EHR à la the 'Affordable' Care Act Is Driving Up Costs

July 18, 2011

To implement EHR nationwide, it could cost $168 billion - it boggles the mind, but where does it come from?

To implement EHR nationwide, it could cost $168 billion - it boggles the mind, but where does it come from? 

Several years ago rumors were circulating that Kaiser was going to commit $2 billion to an EHR. An article in a recent edition of the Los Angeles Times reported that the figure was $4 billion. After reading the article, sources within Kaiser confided that they thought the number was closer to $5 billion.

This comes only a few months after some Kaiser facilities reduced the number of patients that their physicians were expected to see each hour from four to three. This change would effectively require them to increase the size of their physician workforce by 33 percent to see the same number of patients annually.

Kaiser insures about 8.9 million people in 11 states and has about 14,600 physicians.

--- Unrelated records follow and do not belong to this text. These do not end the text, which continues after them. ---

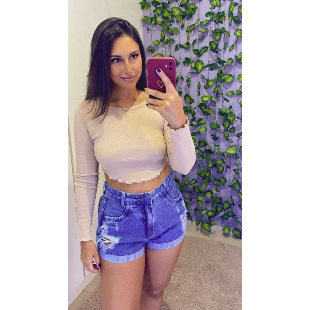 Cropped Canelado Manga Longa – Cor Nude – Tamanho M
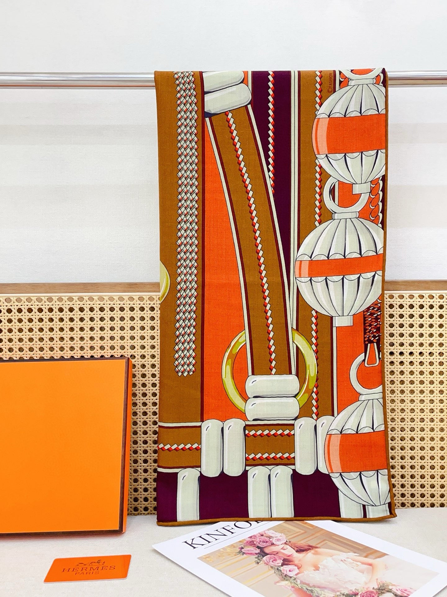 HM 25s Scarf 140cm Brown Orange Cashmere 973322
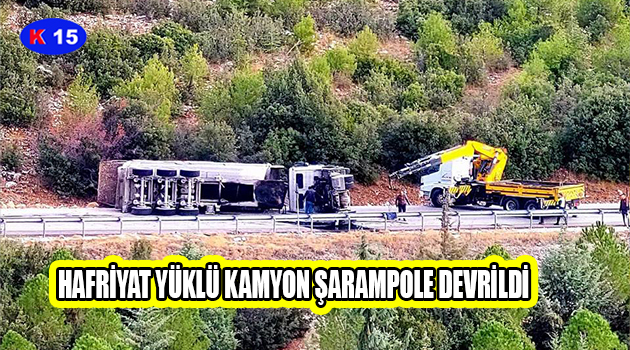 HAFRİYAT YÜKLÜ KAMYON ŞARAMPOLE DEVRİLDİ
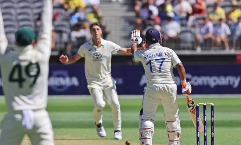 भारत और ऑस्ट्रेलिया के बीच पांच मैचों की टेस्ट सीरीज का आगाज हो चुका है। पहले दिन गेंदबाजों का बोलबाला रहा है। जोश हेजलवुड सहित अन्य गेंदबाजों के शानदार प्रदर्शन के दम पर ऑस्ट्रेलिया ने ऑप्टस स्टेडियम में पहले टेस्ट मैच में भारतीय पारी को 150 के स्कोर पर समेट दिया है। भारतीय बल्लेबाजों ने एक बार फिर निराश किया। भारत के लिए नीतीश रेड्डी और ऋषभ पंत ने सर्वाधिक रन बनाए। भारतीय पारी के दौरान ऑस्ट्रेलिया खिलाड़ी नाथन लियोन और मिचेल मार्श भारतीय बल्लेबाज ऋषभ पंत की टांग खींचते हुए दिखे।
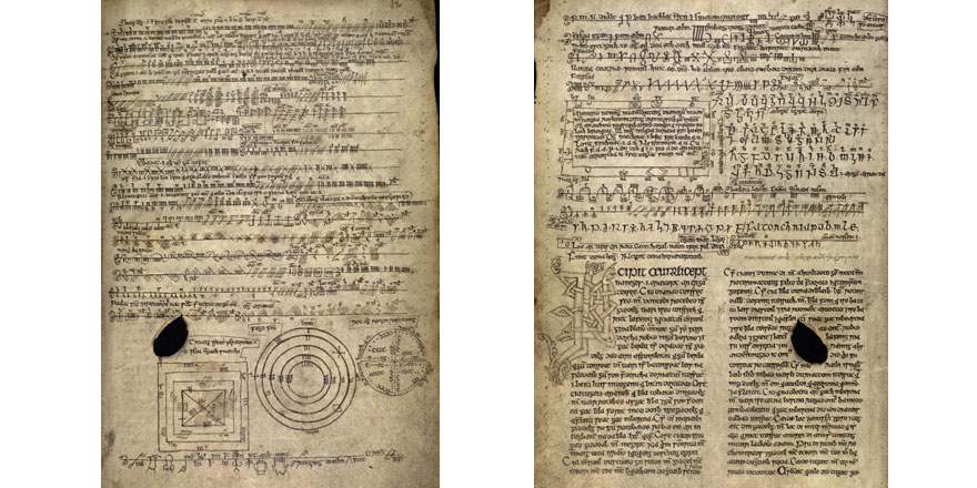 In some cases, the use of ogam script seems to have offered momentary amusement or distraction for a scribe tasked with copying learned (and perhaps rather tedious or technical) material. An example of this is found in RIA MS 24 B 3, an early-sixteenth-century compilation of medical learning written by the North Connacht scribe Conla Mac an Leagha, who appears to have been a practising surgeon in the service of the Mac Diarmada lords in Magh Luirg (modern Boyle and Frenchpark, Co. Roscommon). When copying an Irish translation of standard Latin teaching on uroscopy (the diagnosis of illness through examination of urine), Conla lent an additional Irish flavour to his work by occasionally switching from Roman to ogam script:
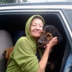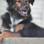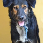 Guapo is a gorgeous Setter/Golden/Rottie mix (maybe). He was rescued by Paula Hillman after she found him abandoned and severely injured in a field. He had a shattered pelvis with a bone protruding, and was skeletally thin. She took him in and nursed him back to health, but after several months she decided that he was too much for her and asked us to take him. When we took Guapo in he was physically healed, but had many severe behavioral problems. He was extremely reactive toward joggers, bicyclists, and some other dogs. and had bitten several people.  He had severe food guarding issues. He leaked urine whenever he greeted you. Guapo has been a favorite dog at the Cerro since his arrival. He is very loving and affectionate, and gets along with all the other dogs. He is beautiful, loves to play and is great with children. He still has some leash reactivity and needs consistent work with adding food to his dish. Guapo’s obedience in lower distraction situations is excellent. He needs continued work in higher distraction areas. Guapo needs a lot of daily exercise to help him stay calm. He has moderately high anxiety and needs structure and calm entries and departures to keep him relaxed. He loves other dogs, and does well with most other dogs, but loves to be the center of attention, so would do well as an only dog. Guapo no longer triggers on joggers or cyclists. Just a gentle reminder to target your hand or look at you is enough to redirect him to make a good choice. He was adopted by Ben and Mary Florence in the summer of 2014, and we sent him on to New York City to join them when they moved.
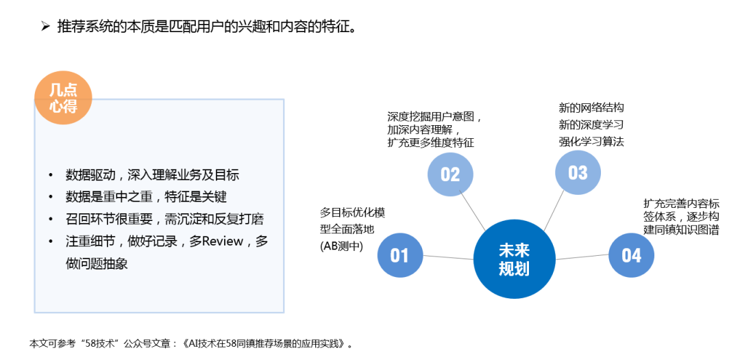 推荐的核心是要对用户的兴趣进行建模和预测,所以用户画像标签很重要,后续会继续挖掘和扩充,另外,需要进一步通过NLP技术来加强文本内容挖掘,加强内容理解。并最终为算法提供更多更好的输入。
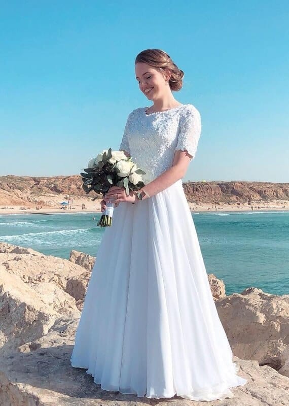 שמלת כלה קלאסית, לא נפוחה, מעוצבת בגזרה צנועה עם שרוולי תחרה קצרים וחצאית A נשפכת בקו זורם. שמלת כלה קלילה, עדינה ורומנטית, מתאימה לחתונה בטבע או בחוף הים.
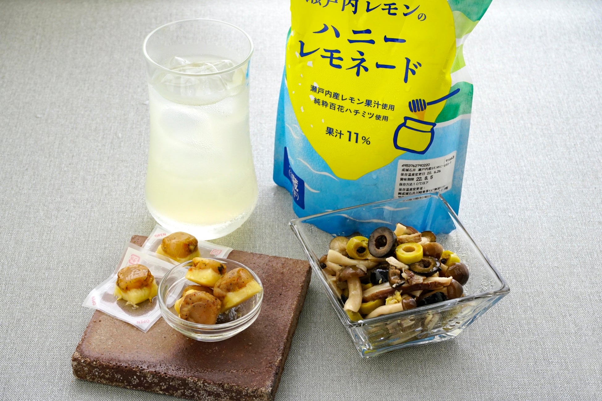 瀬戸内レモンのストレート果汁と純粋百花はちみつを使用した、爽やかで風味豊かなレモネード。魚料理や肉料理まで、どんな料理にもよく合います。①エリンギ・ぶなしめじ・舞茸・マッシュルーム・シイタケとオリーブのマリネ。マリネとレモネード、それぞれの優しい酸味と甘みがお互いを引き立てまろやかに調和します。②北海道噴火湾産のほたてを使用したほたてチーズは、アヒージョ風味でアクセントのある味わい。ほたてチーズのピリッとしたスパイス感が、爽やかな飲み口のレモネードと相性抜群です。
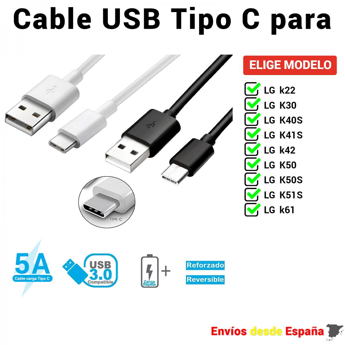 Cable USB Tipo C para LG k22 K30 K40 K40S K41S k42 K50 K50S K51S k61 de Carga rapida y Datos para móviles de 1 metro y 2 metros
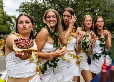 Tauira from Locals Collegiate Community get their togas on at an event this year. Locals is the biggest student community on campus, with a quarter of all first year students choosing to live at home, flat, or board. Find out more

In general, the cost of acquiring and operating an EHR is proportional to the size of the healthcare organization, the number of patients and the number of practitioners and ancillary staff. Kaiser's EHR cost works out to roughly $560/patient or about $340,000 per doctor. The length of time over which they intend to amortize this expense is unclear. If every practice implemented an EHR that was equivalent to Kaiser's and assuming the cost to each practice was proportional to Kaiser's expense, the total cost would be 300,000,000 (the US population) multiplied by the EHR cost per patient or $168 billion dollars. In reality, the cost to small practices can be expected to be higher because they lack Kaiser’s economies of scale.

On April 12, 2010, the Wall Street Journal reported that "the nation could face a shortage of as many as 150,000 doctors in the next 15 years." The U.S. now has approximately 353,000 primary-care doctors and an equal number of specialists. If their productivity is proportionately lowered by the use of EHR in the same way that Kaiser has been affected, the number of additional physicians that will be needed in the future is 267,300, not 150,000.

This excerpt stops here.